An exact reproduction is required of the lines from the beginning of the entries through the line with "Щетка для УШМ, тип", pictures excluded and nothing added.

***** RECORDS TO USE *****

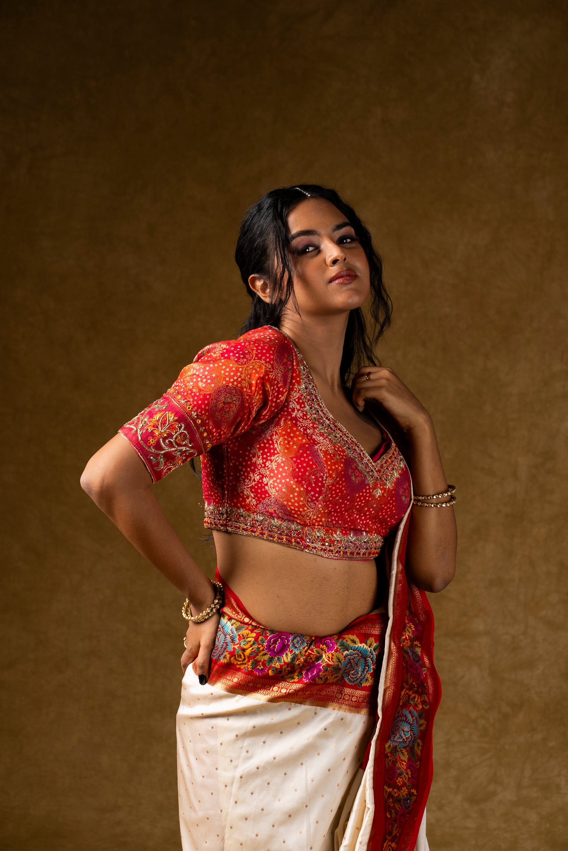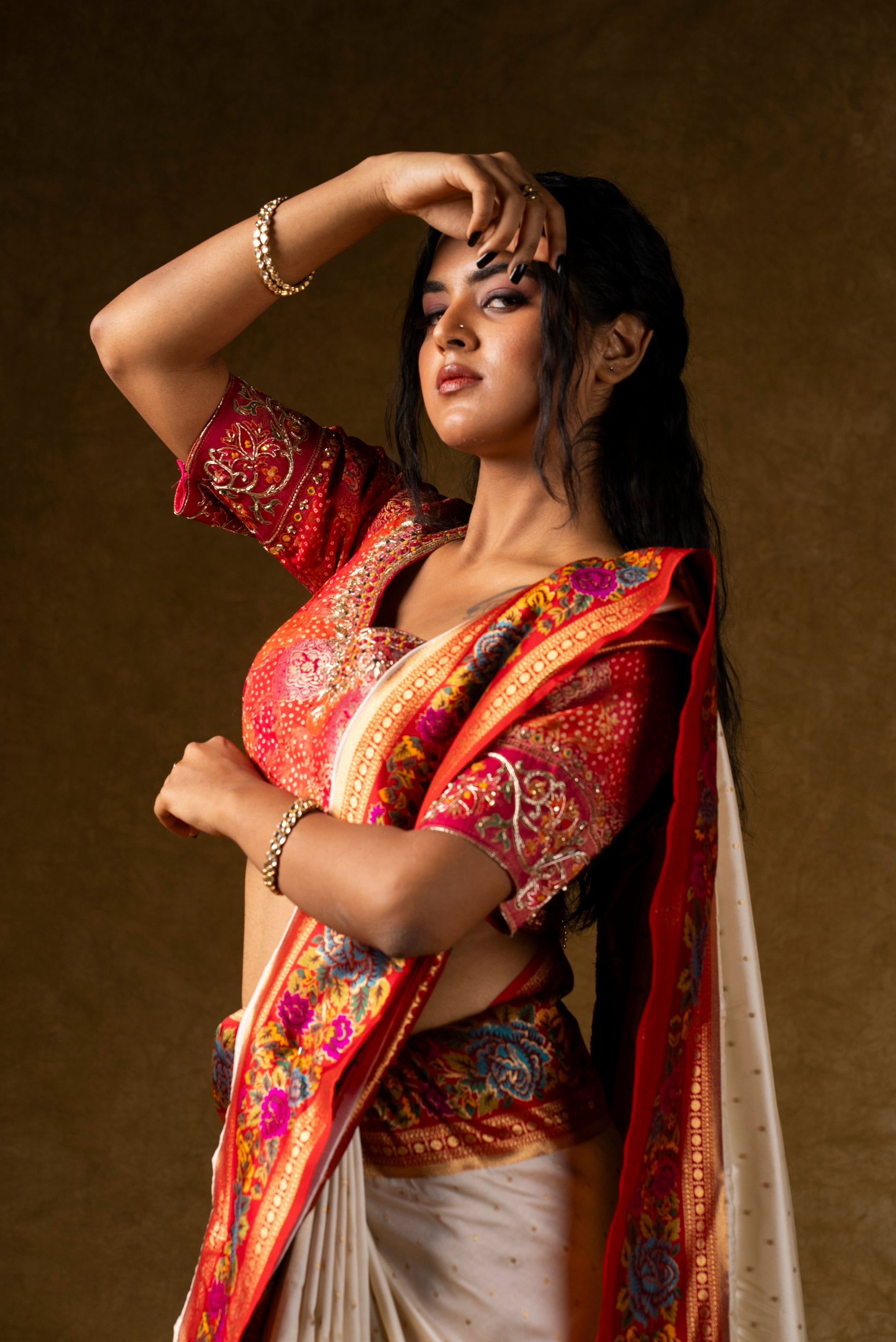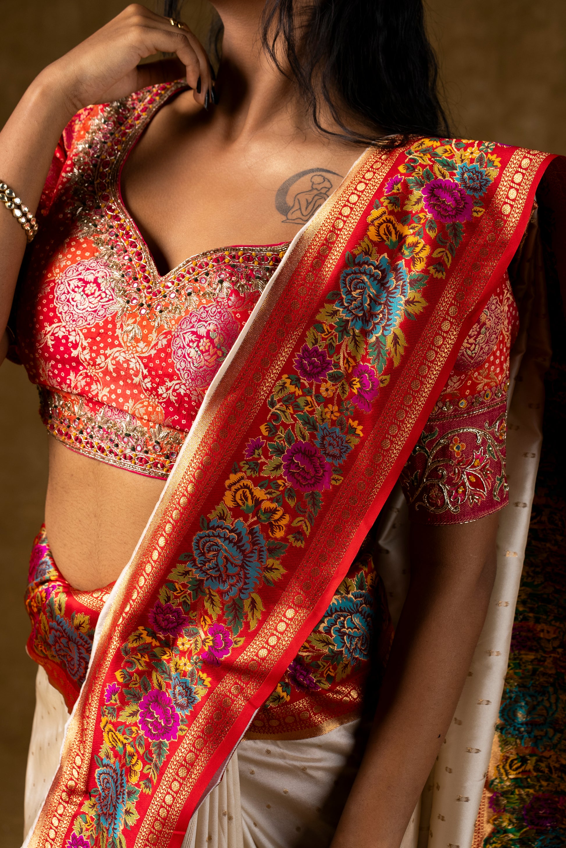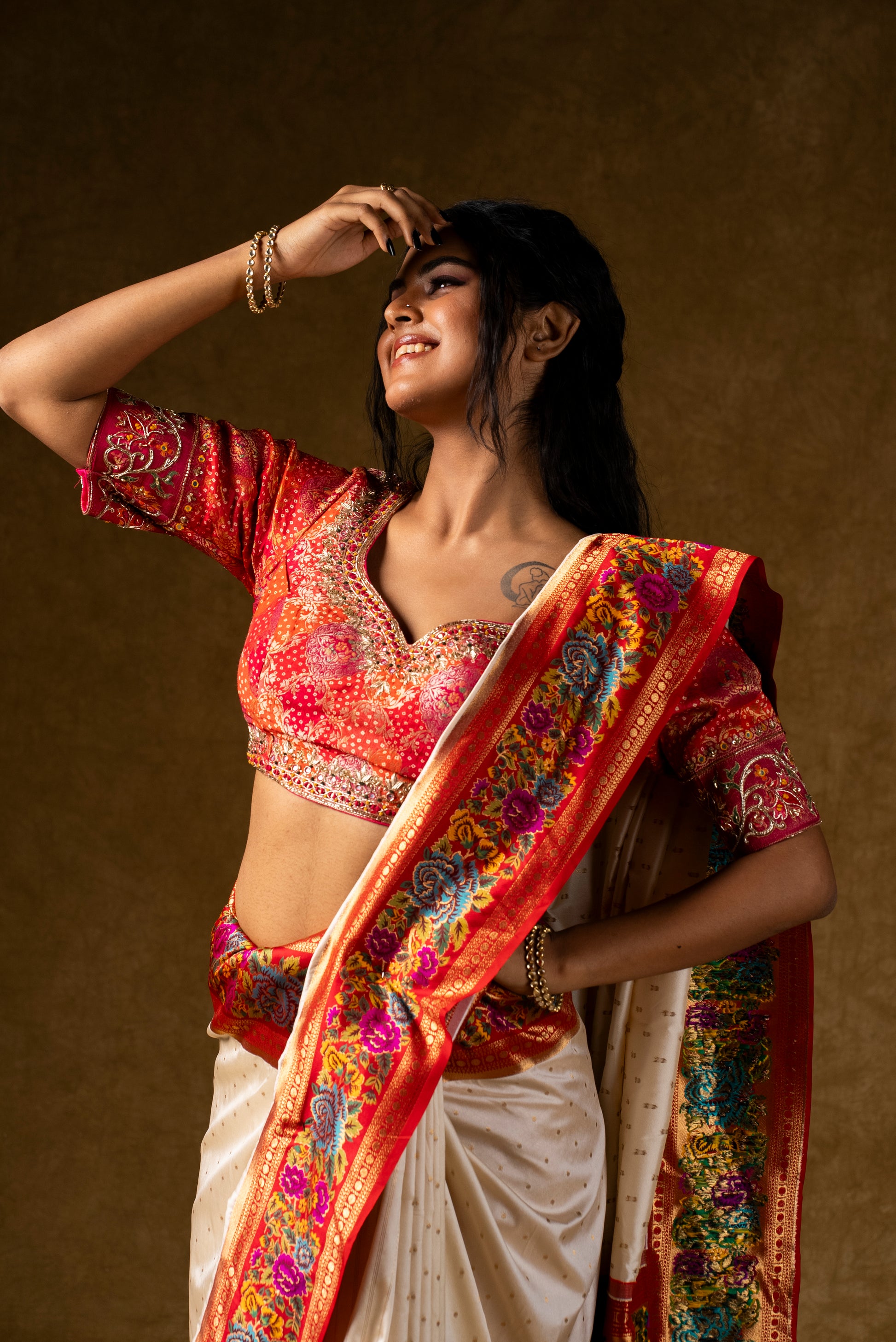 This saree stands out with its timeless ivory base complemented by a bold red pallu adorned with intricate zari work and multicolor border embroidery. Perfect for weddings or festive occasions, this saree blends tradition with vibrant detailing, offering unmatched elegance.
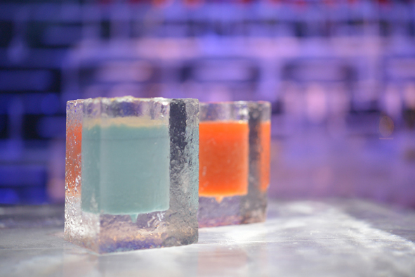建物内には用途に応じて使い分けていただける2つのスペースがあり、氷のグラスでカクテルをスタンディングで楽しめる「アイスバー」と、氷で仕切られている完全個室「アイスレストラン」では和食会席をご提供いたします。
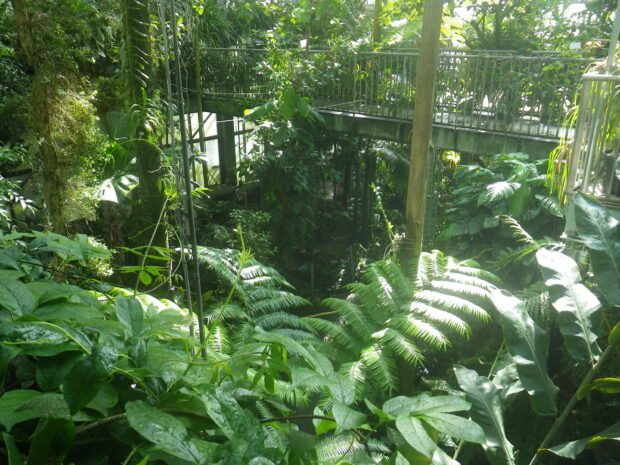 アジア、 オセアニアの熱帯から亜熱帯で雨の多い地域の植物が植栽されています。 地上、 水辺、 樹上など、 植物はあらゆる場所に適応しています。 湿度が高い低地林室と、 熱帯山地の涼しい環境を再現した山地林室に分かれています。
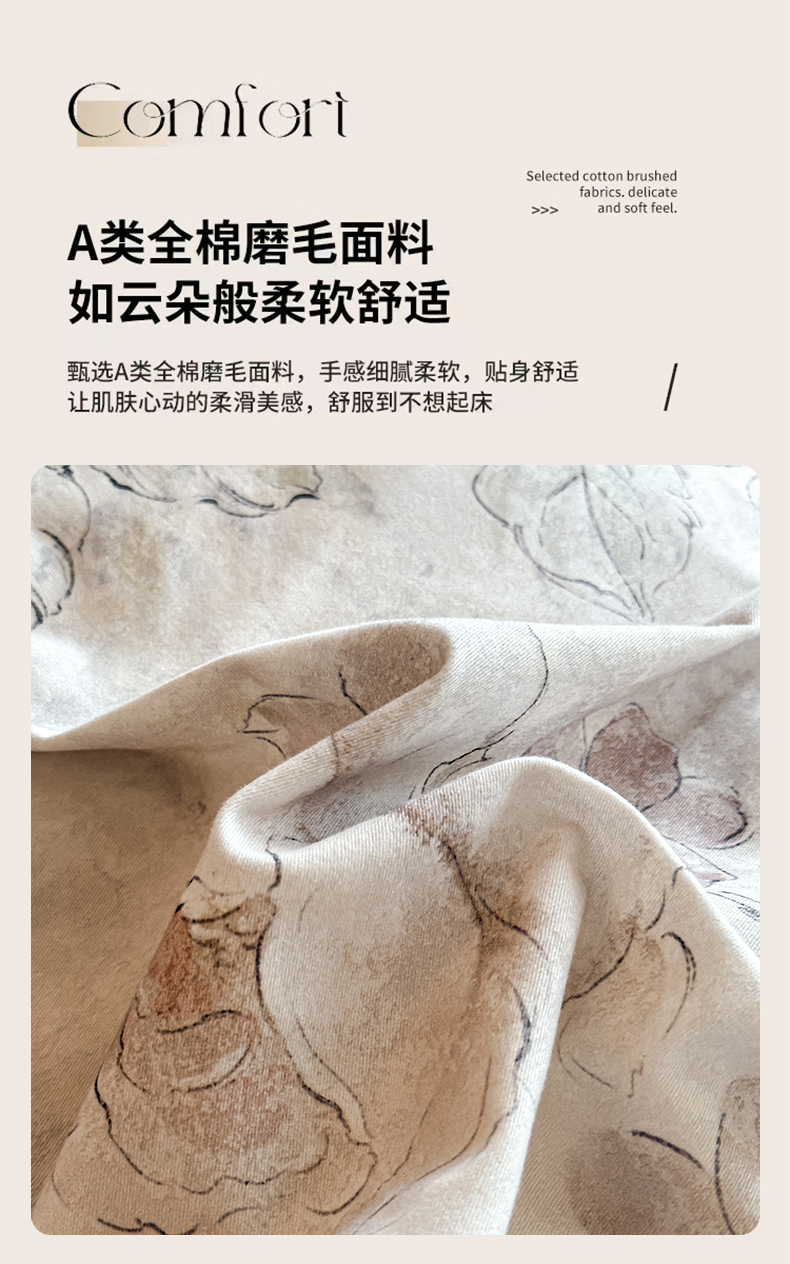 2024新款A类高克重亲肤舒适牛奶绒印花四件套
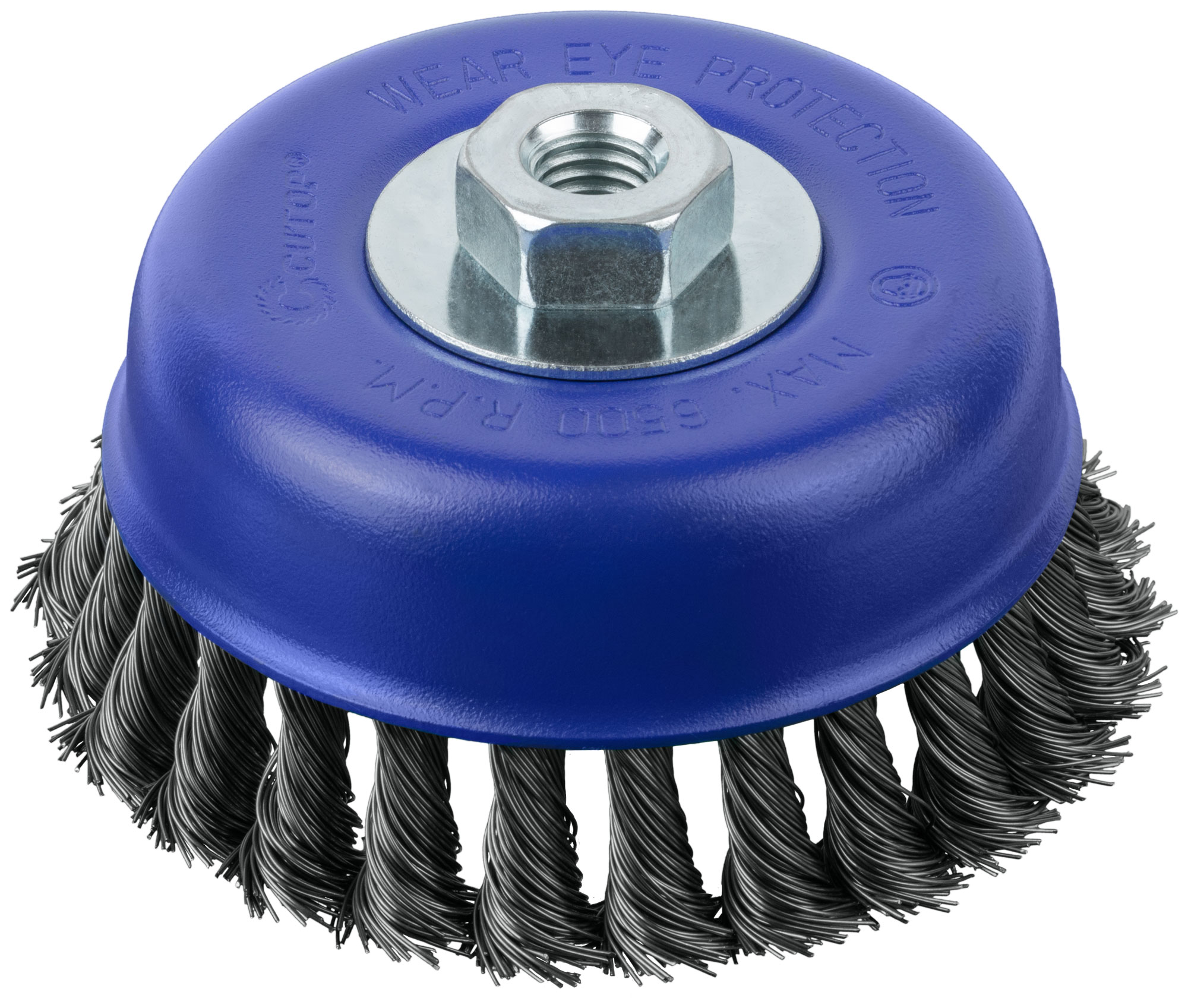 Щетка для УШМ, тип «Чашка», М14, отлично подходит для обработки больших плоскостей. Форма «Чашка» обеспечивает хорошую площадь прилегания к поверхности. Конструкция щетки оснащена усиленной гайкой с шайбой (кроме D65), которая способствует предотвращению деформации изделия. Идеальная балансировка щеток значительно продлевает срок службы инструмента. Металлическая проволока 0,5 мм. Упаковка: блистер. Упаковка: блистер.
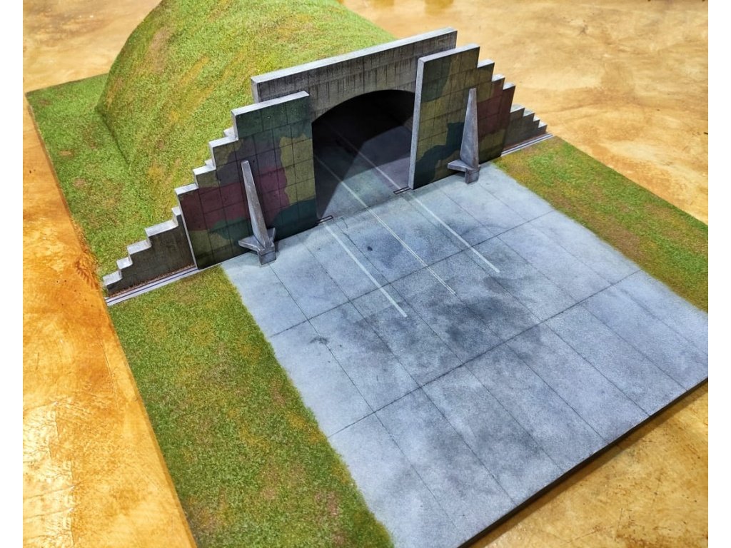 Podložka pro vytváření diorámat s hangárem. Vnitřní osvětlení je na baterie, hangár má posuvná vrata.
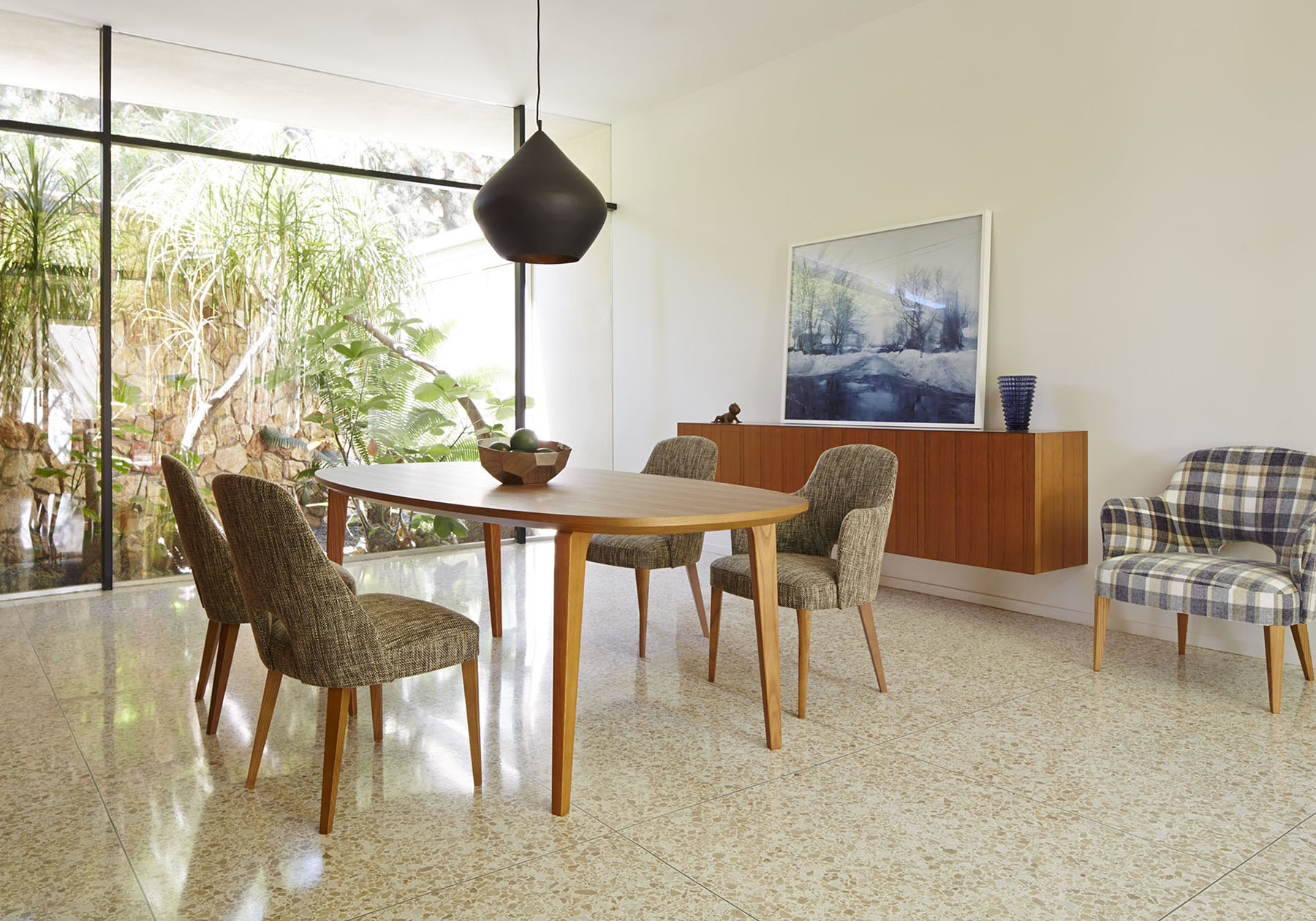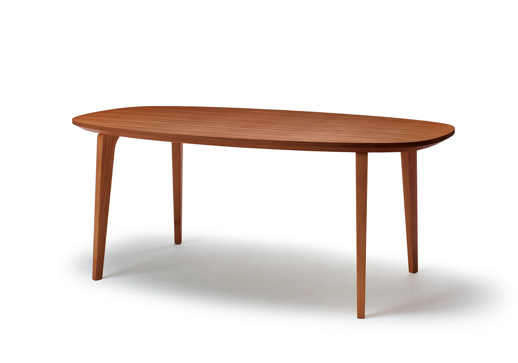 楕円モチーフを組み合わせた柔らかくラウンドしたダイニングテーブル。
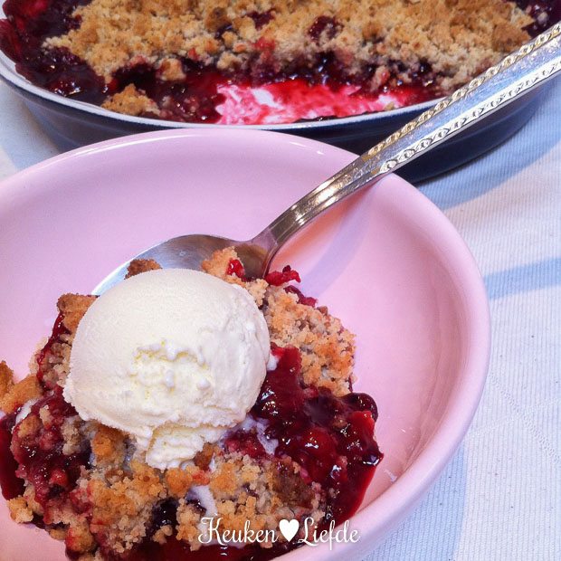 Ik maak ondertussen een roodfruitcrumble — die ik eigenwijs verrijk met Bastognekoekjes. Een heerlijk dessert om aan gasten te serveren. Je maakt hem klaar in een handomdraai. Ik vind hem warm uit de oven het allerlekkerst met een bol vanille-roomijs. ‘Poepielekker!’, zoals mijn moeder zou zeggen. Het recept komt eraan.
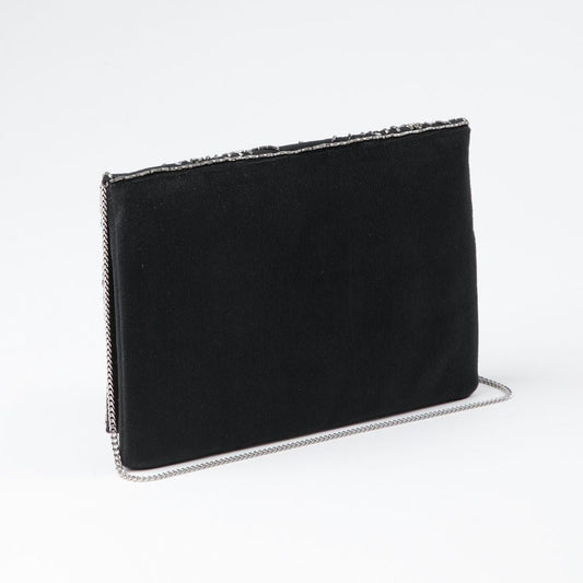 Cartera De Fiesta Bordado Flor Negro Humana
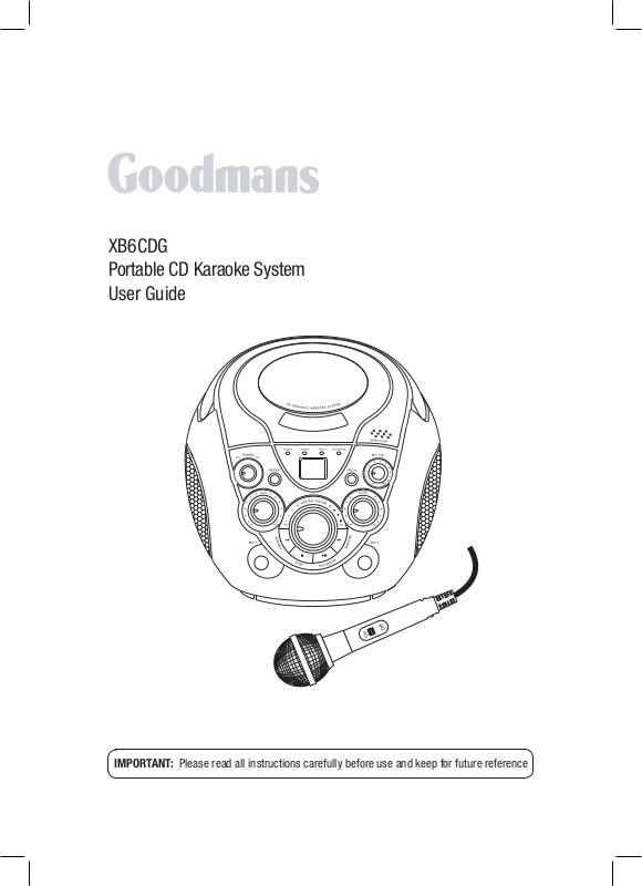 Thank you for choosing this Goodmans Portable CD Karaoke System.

*****

WRITTEN ANSWER>
 This saree stands out with its timeless ivory base complemented by a bold red pallu adorned with intricate zari work and multicolor border embroidery. Perfect for weddings or festive occasions, this saree blends tradition with vibrant detailing, offering unmatched elegance.
建物内には用途に応じて使い分けていただける2つのスペースがあり、氷のグラスでカクテルをスタンディングで楽しめる「アイスバー」と、氷で仕切られている完全個室「アイスレストラン」では和食会席をご提供いたします。
 アジア、 オセアニアの熱帯から亜熱帯で雨の多い地域の植物が植栽されています。 地上、 水辺、 樹上など、 植物はあらゆる場所に適応しています。 湿度が高い低地林室と、 熱帯山地の涼しい環境を再現した山地林室に分かれています。
 2024新款A类高克重亲肤舒适牛奶绒印花四件套
 Щетка для УШМ, тип «Чашка», М14, отлично подходит для обработки больших плоскостей. Форма «Чашка» обеспечивает хорошую площадь прилегания к поверхности. Конструкция щетки оснащена усиленной гайкой с шайбой (кроме D65), которая способствует предотвращению деформации изделия. Идеальная балансировка щеток значительно продлевает срок службы инструмента. Металлическая проволока 0,5 мм. Упаковка: блистер. Упаковка: блистер.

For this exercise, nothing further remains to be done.